Touken Komachi





脇差 白鞘入り 
Wakizashi, Shirasaya
無銘(筑紫了戒)
Mumei attributed to Chikushi Ryokai
【銘文】無銘
【寸法】刃長 53.93cm(1尺7寸8分0厘)、反り 1.51cm(5分0厘)、元幅 2.68cm、元重ね 0.70cm、先幅 1.70cm、先重ね 0.43cm、目釘孔2 個、刀身重量 435g 、白鞘全長 74.5cm
【時代】室町時代

【特徴】姿は、鎬造、庵棟、身幅に比して重ねやや厚く、鎬高く、反り深めにつき、中切先詰まりごころとなる。
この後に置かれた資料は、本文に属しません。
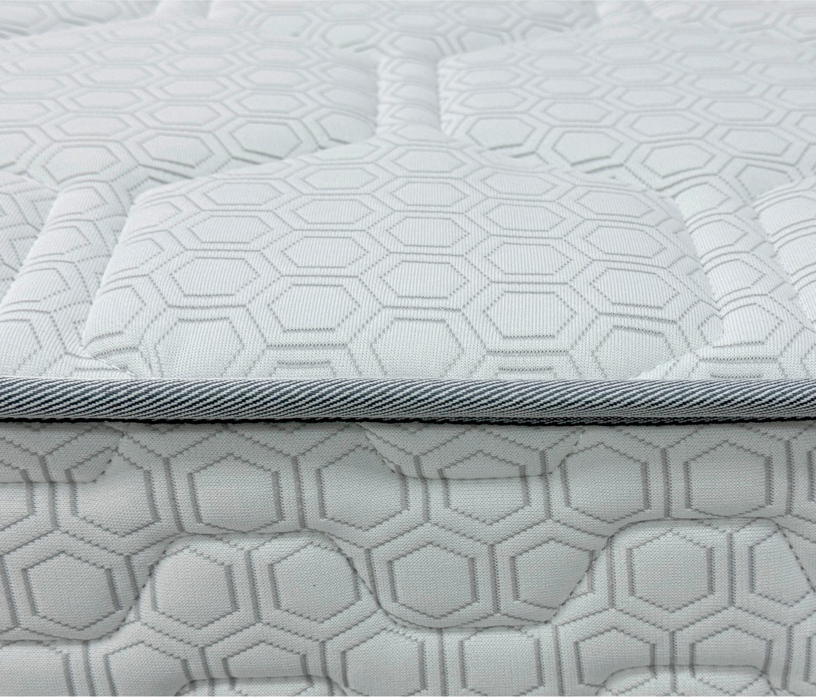 Трикотаж «Carbon» — современный и стильный материал с оригинальным рельефным рисунком «соты», который придаёт матрасу эффектный и премиальный вид. Высокая плотность ткани гарантирует её прочность и долговечность, а эластичная структура обеспечивает идеально ровное прилегание к наполнителю, сохраняя гладкость поверхности на протяжении всего срока службы. Материал обладает хорошей воздухопроницаемостью, что помогает поддерживать комфортный микроклимат во время сна, и устойчив к износу, сохраняя свой внешний вид даже при длительной эксплуатации

 茎は、磨上げ、鑢目は切り、先はごく浅い栗尻、目釘孔二。

 彫物は、表裏に腰樋を掻き流す。

 地鉄は、板目に柾交じり、肌立ちごころ、地沸つき、地景入り、白気映り立つ。

 刃文は、細直刃、匂口締まりごころ、小沸つき、小足入る。

 帽子は、直ぐに丸く返り、先掃き掛ける。

【見どころ】高麗を支配下に置いたモンゴル(後に元)の皇帝フビライは、日本との通交を意図して文永二年に国書を草し、使者が文永四年に日本に到達します。続いて数回の使者派遣のいずれにも日本は応じず、1274年忻都・洪茶丘が指揮官の蒙古漢軍一万五千、高麗軍八千を動員し進撃します(文永の役)。一方国内では延暦寺と園城寺の僧徒の争いが激化し、近江・山城の僧徒の武器の需要が急増していました。一説によれば、このような時代背景の中、来国俊の子(弟子とも)了戒は文永八年、16歳で出家して僧侶となり、17歳で綾小路定利の弟子となり刀鍛冶になったと伝えられています(『新刀古刀大鑑』川口陟 歴史図書社 S47)。
了戒は、後に了戒何某と名乗る刀工の一派を形成していき、九州に移住したものも多く、こうした刀工の作を筑紫了戒と呼んでいます。宮本武蔵もその切れ味を好んで了戒を愛刀としました。本作は、磨上げながら深めに反りのついた細身の姿で、肌の色合いにところどころ濃淡変化があり、匂口の締まった細直刃が凛とした表情を湛えています。

【状態】研磨済み、白鞘・はばき新調済みで、状態は良好です。